ANTHELMINTICS are drugs that are effective against tapeworms, liver flukes, round worms, and other internal animal parasites – known as the helminthic infections. The use of anthelmintic drugs can improve animal health and so boost livestock production, but regulatory agencies demand monitoring to prevent residues being passed into the human food chain.
The Randox EV3770 is a new multi-analyte testing array used with Biochip array technology and Evidence Investigator to test for a variety of anthelmintics. The test menu on the EV3770 platform includes Amino–benzimidazoles, Avermectins, Benzimidazoles, Levamisole, Moxidectin, Thiabendazole, and Triclabendazole.

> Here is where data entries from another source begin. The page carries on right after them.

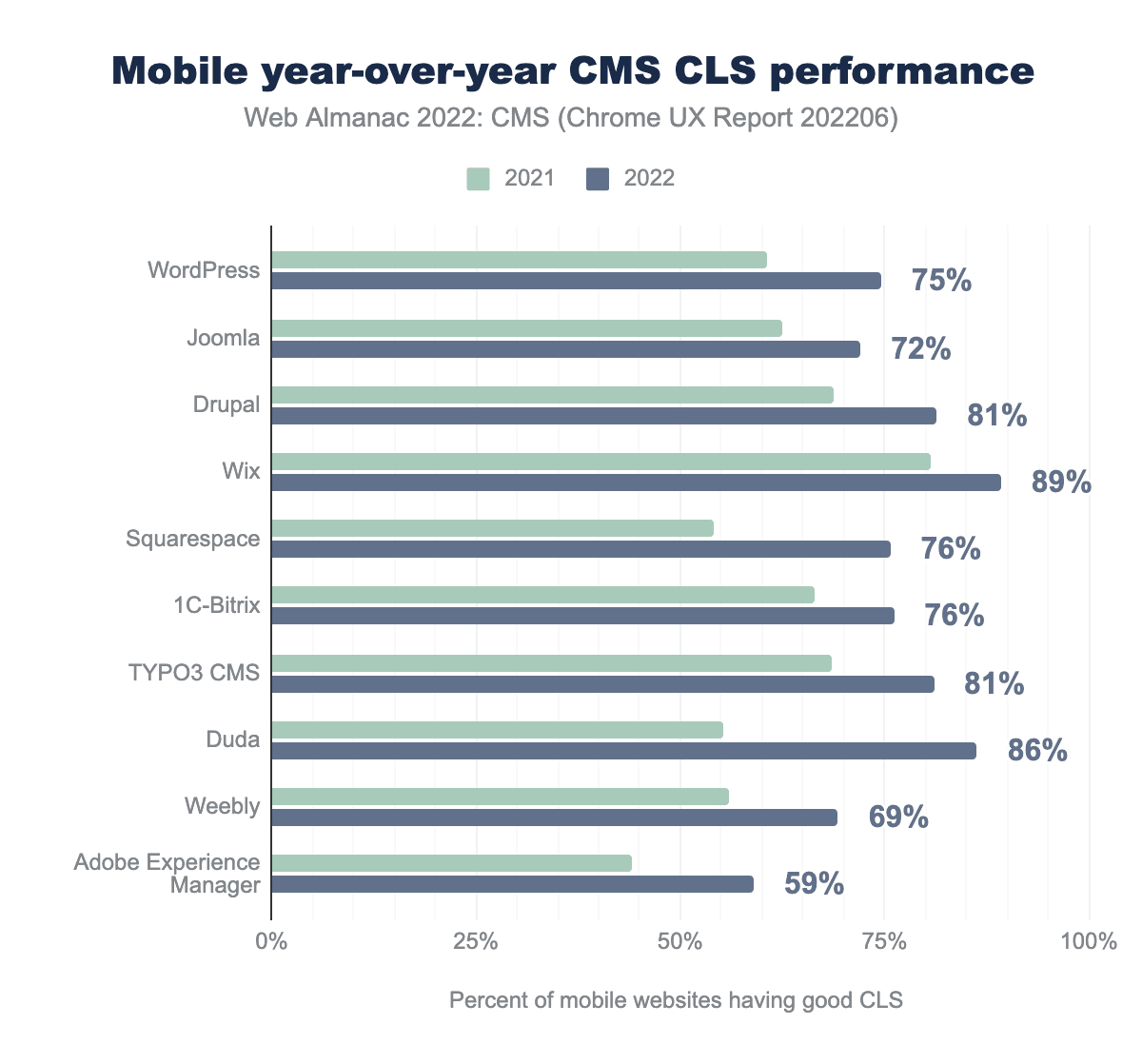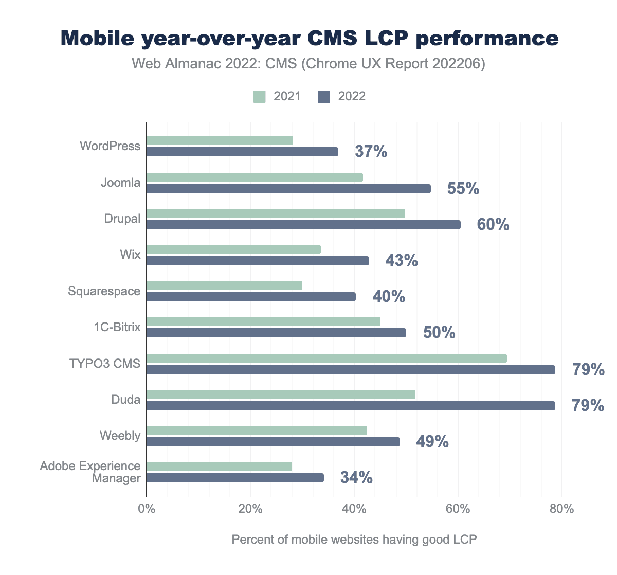 Comparing yearly data, we can see that all CMSs made progress. WordPress, Squarespace, Duda, and Adobe Experience Manager in particular show significant gains.
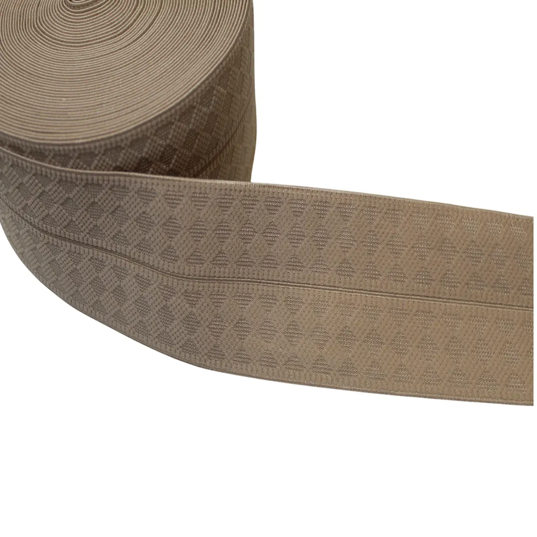 Διακοσμητικό λάστιχο μέσης με ανάγλυφο γεωμετρικό σχέδιο, ιδανικό για εξωτερικό ράψιμο σε φούστες, φορέματα, παντελόνια και άλλα ενδύματα.
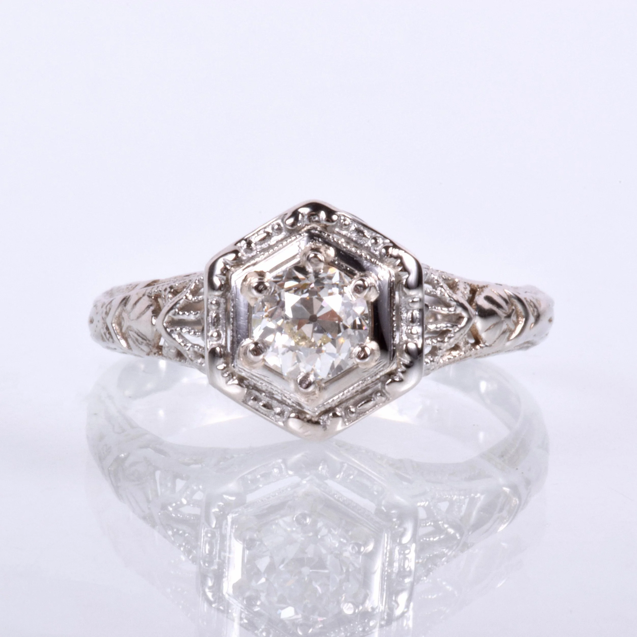 This is a great antique example of a decorative and detailed 18k white gold setting without being over the top! An Edwardian delight, filled with fine filigree work and varying textures. This little antique treasure showcases a glorious European cut diamond at its center within a lovely six-sided setting. Make her yours!
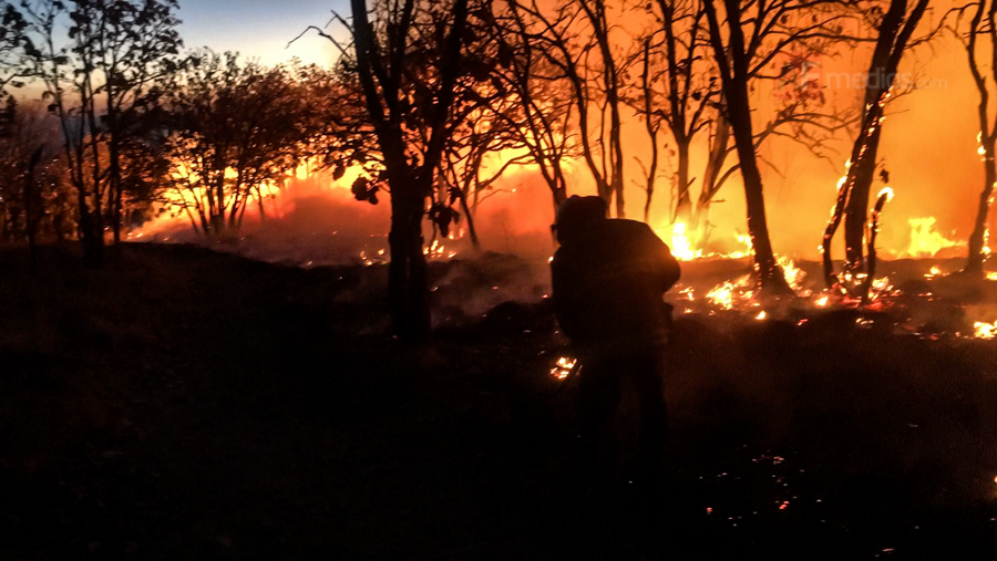 Jalisco / Carmen Aggi Cabrera.- Sesenta y nueve brigadistas forestales combaten desde un incendio que afecta la Reserva de la Biosfera Sierra de Manantlán desde la semana pasada y ha consumido más de 2 mil hectáreas.
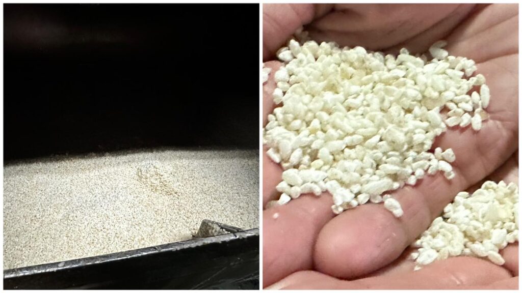 另外照片可以看到旁邊有個有輸送帶的裝置,那是等米麴完成後,將它輸送到旁邊發酵槽的工具喔!不用一袋一袋搬拉,太累了😁
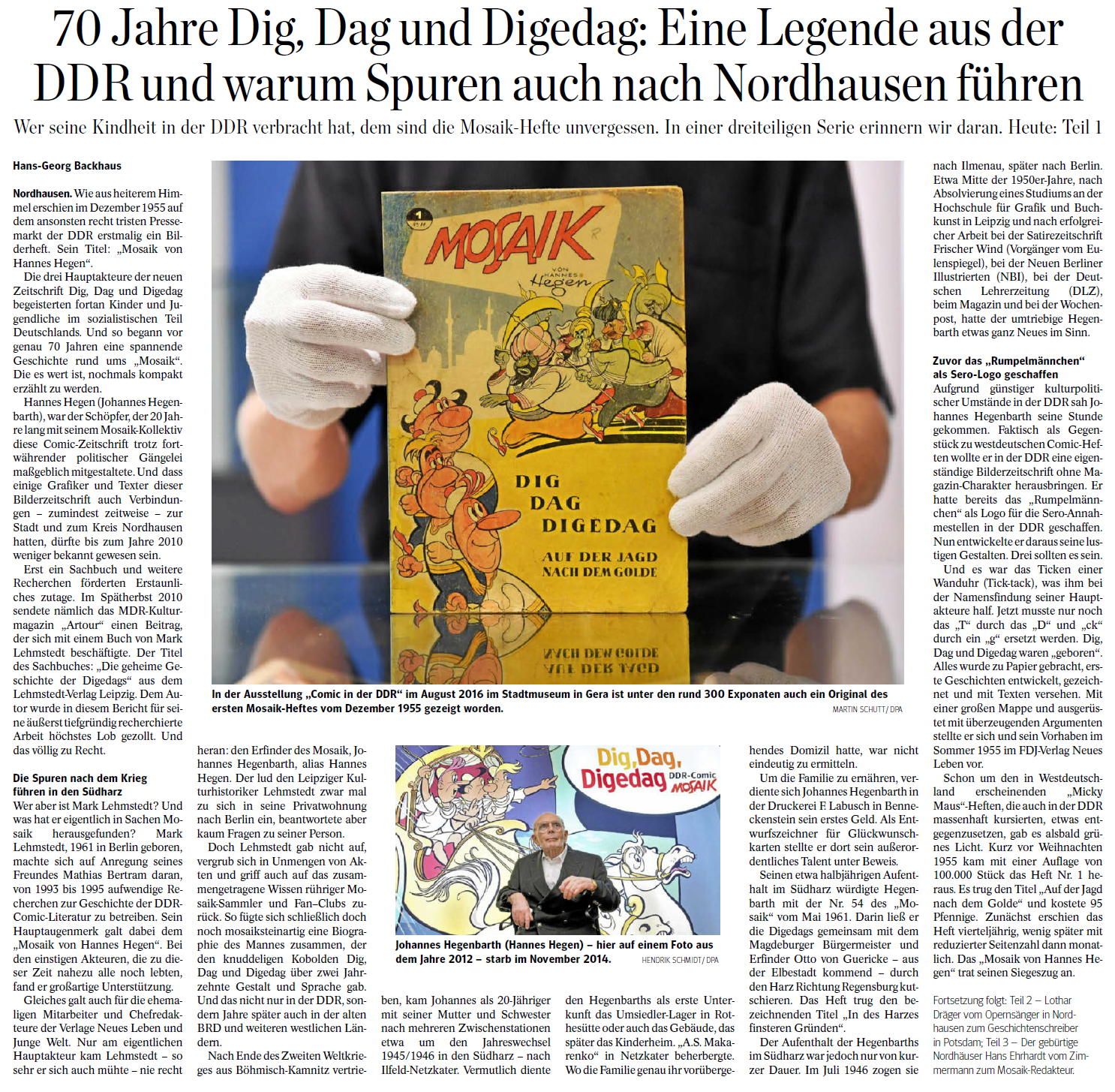 Sonderausstellung Mythos Mosaik? Hannes Hegen, sein Werk und die Fans aufgelistet.
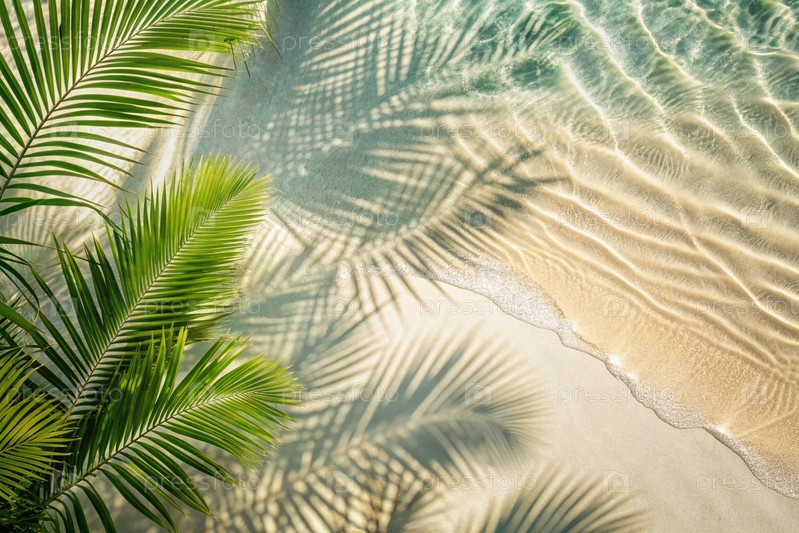Концепция летнего отдыха на пляже. Вид тропических листьев на поверхности воды. Тень пальмовых листьев на белом песчаном пляже. Красивый абстрактный фон для баннера
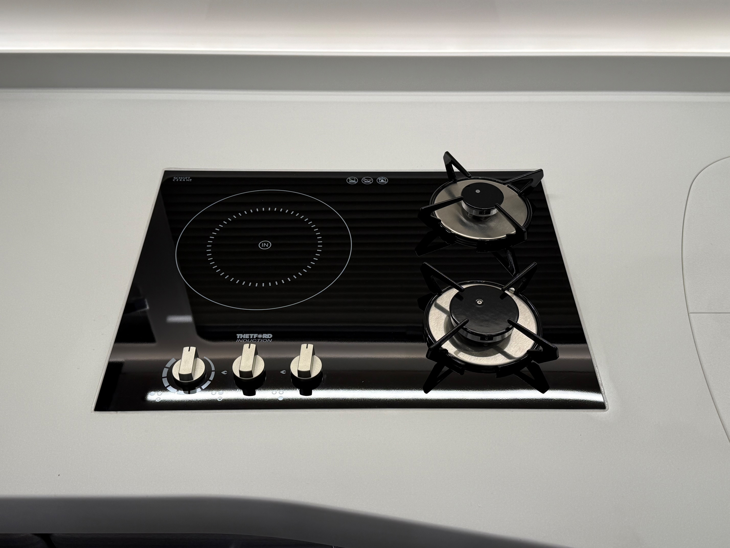 - Hybrid-Ceran-Kochfeld mit zwei Gas-Kochfeldern und einem Induktionskochfeld
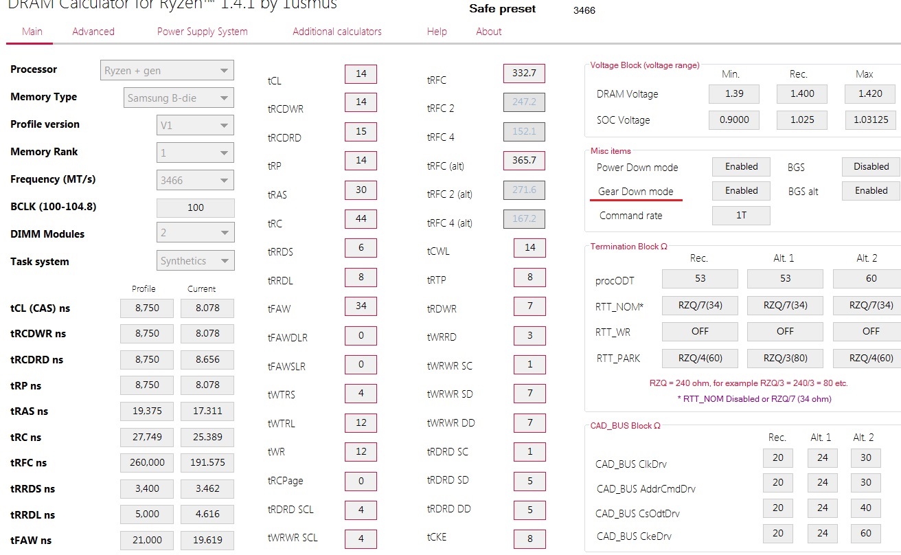 Сразу вопросы (вы уж простите, я в этом деле совсем дуб): 1. На сколько верно показывает RDC напряжение на память и SoC? Критично ли, что у меня SoC допустим 1.050, а калькулятор говорит максимум 1.031 или стоит начинать именно с цифр калькулятора? Где то читал, если повышаем SoC, то снижаем напряжение на память и наоборот, это верно? 2. Gear Down Mode за что отвечает эта функция? Стоит ли ее включать или по аналогии с Power Down Mode отключить? Потому как в безопасном пресете оба включены, в быстром - отключены. Не наврежу ли я памяти или контроллеру отключив конкретно GDM? С PDM понял, что его отключение снижает задержку и в итоге получаю более высокую скорость. 3. Очень ли критична функция BGS? Я ее вообще в БИОС найти не смог в настройке таймингов. 4. Power phase control стоит Standart, а в DRC есть вкладка где описаны уровни LLC и фаз. Надо ли ее делать как говорить калькулятор, там местами есть extreme? Или это для оверклокеров и рекордов?
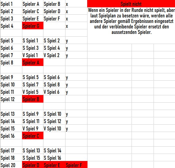 - Es ist eine einzige Liste erlaubt, welche während des gesamten Turniers gespielt werden muss
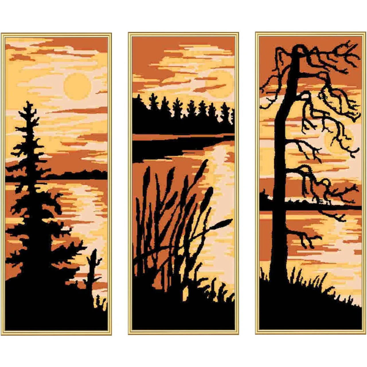 Take in a truly spectacular sunset from three different angles with this breathtaking trio of designs. The silhouetted designs can be displayed triptych style or individually. Needlepoint kit includes 10-ct. antique canvas and suggested thread list. Each section is 6 x 16″ (15.2 x 41cm). Imported from Europe.
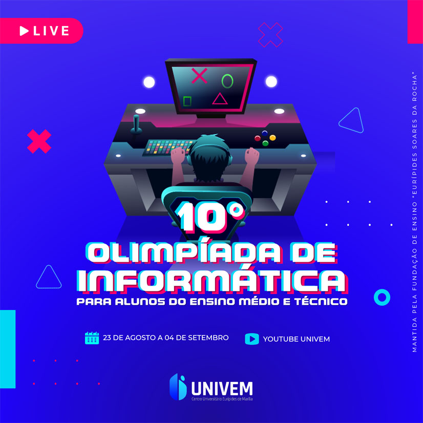 Os cursos de Ciência da Computação e Sistemas de Informação do UNIVEM abrem inscrições para a 10ª Olimpíada de Informática para Alunos do Ensino Médio e técnico.
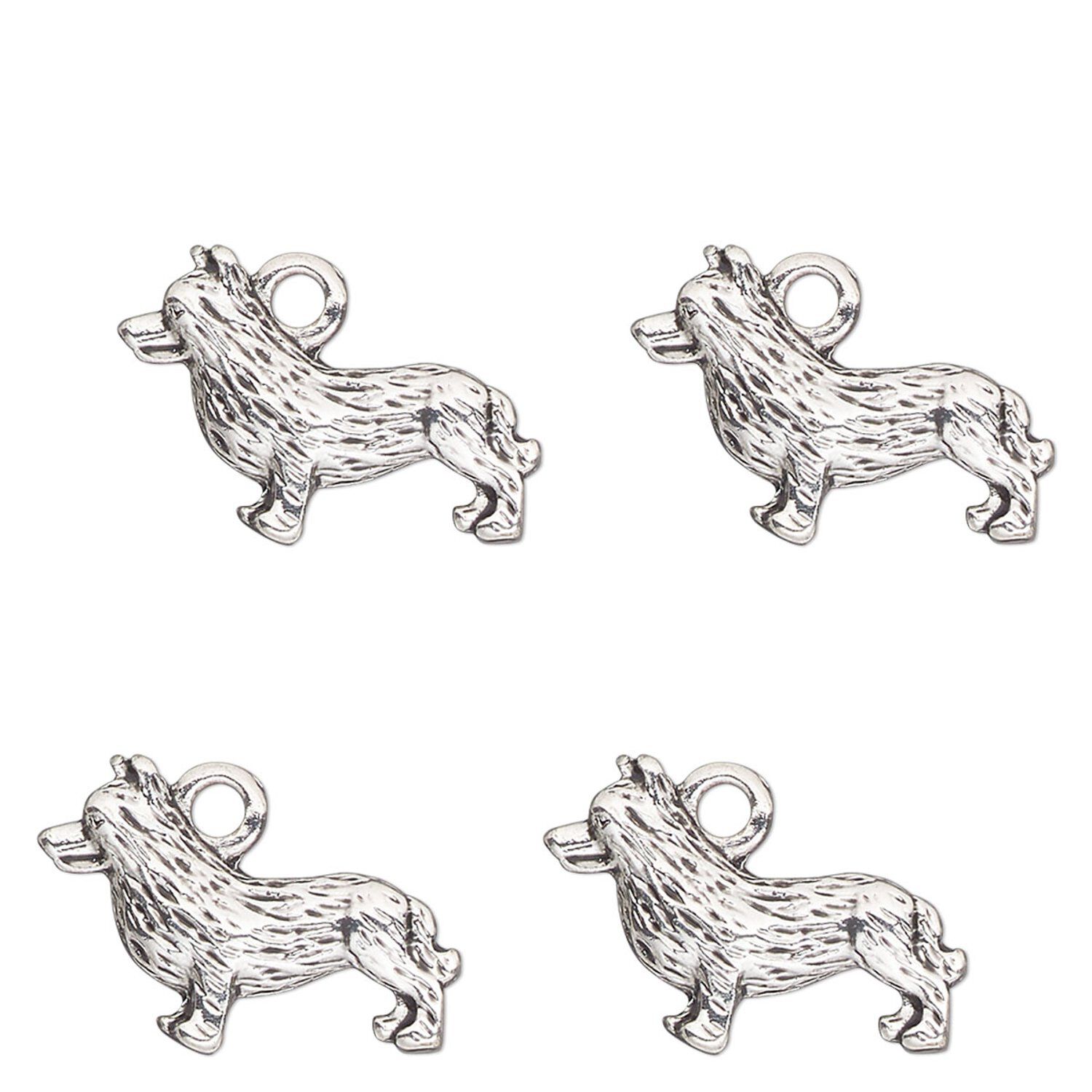 Zinc-based "pewter" dog charms personalize jewelry designs with instant style. Quality-made components are economical and great for quick resale. Add a jump ring to easily attach to charm bracelets, necklace chains, ear wires and more.
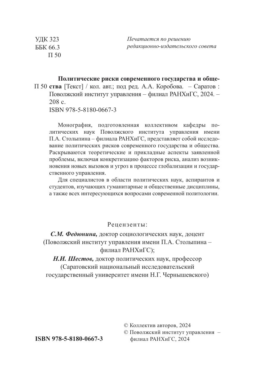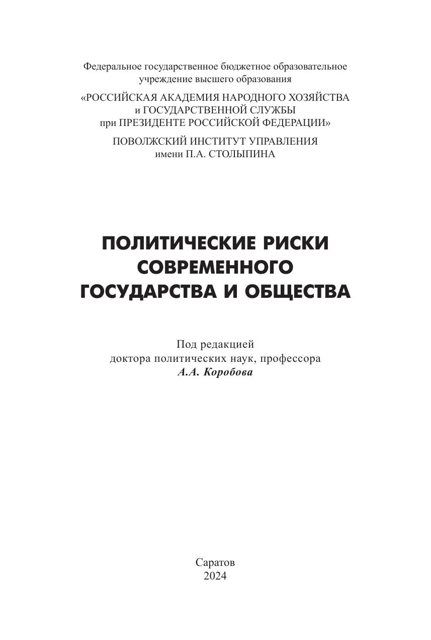 Монография, подготовленная коллективом кафедры политических наук Поволжского института управления имени П.А. Столыпина – филиала РАНХиГС, представляет собой исследование политических рисков современного государства и общества. Раскрываются теоретические и прикладные аспекты заявленной проблемы, включая конкретизацию факторов риска, анализ возникновения новых вызовов и угроз в процессе глобализации и государственного управления. Для специалистов в области политических наук, аспирантов и студентов, изучающих гуманитарные и общественные дисциплины, а также всех интересующихся вопросами современной политологии.

Randox says the array can detect 25 analytes in total, including parent and metabolite forms of the most frequently-abused anthelmintics. These include albendazole sulphoxide and albendazole – two aminosulphones that are the main residues detected in tissues. The generic Avermectin biochip can detect residues of Ivermectin, Abamectin, Doramectin, Emamectin benzoate and Eprimomectin, all or some of which have been noted as marker residues in food by the European Union, Codex, Canada, and the USA.
Limits of detection in milk are just 0.05–3ppb, and in beef 0.15 – 6.5ppb, so compliance with most regulatory tolerance requirements should be achievable.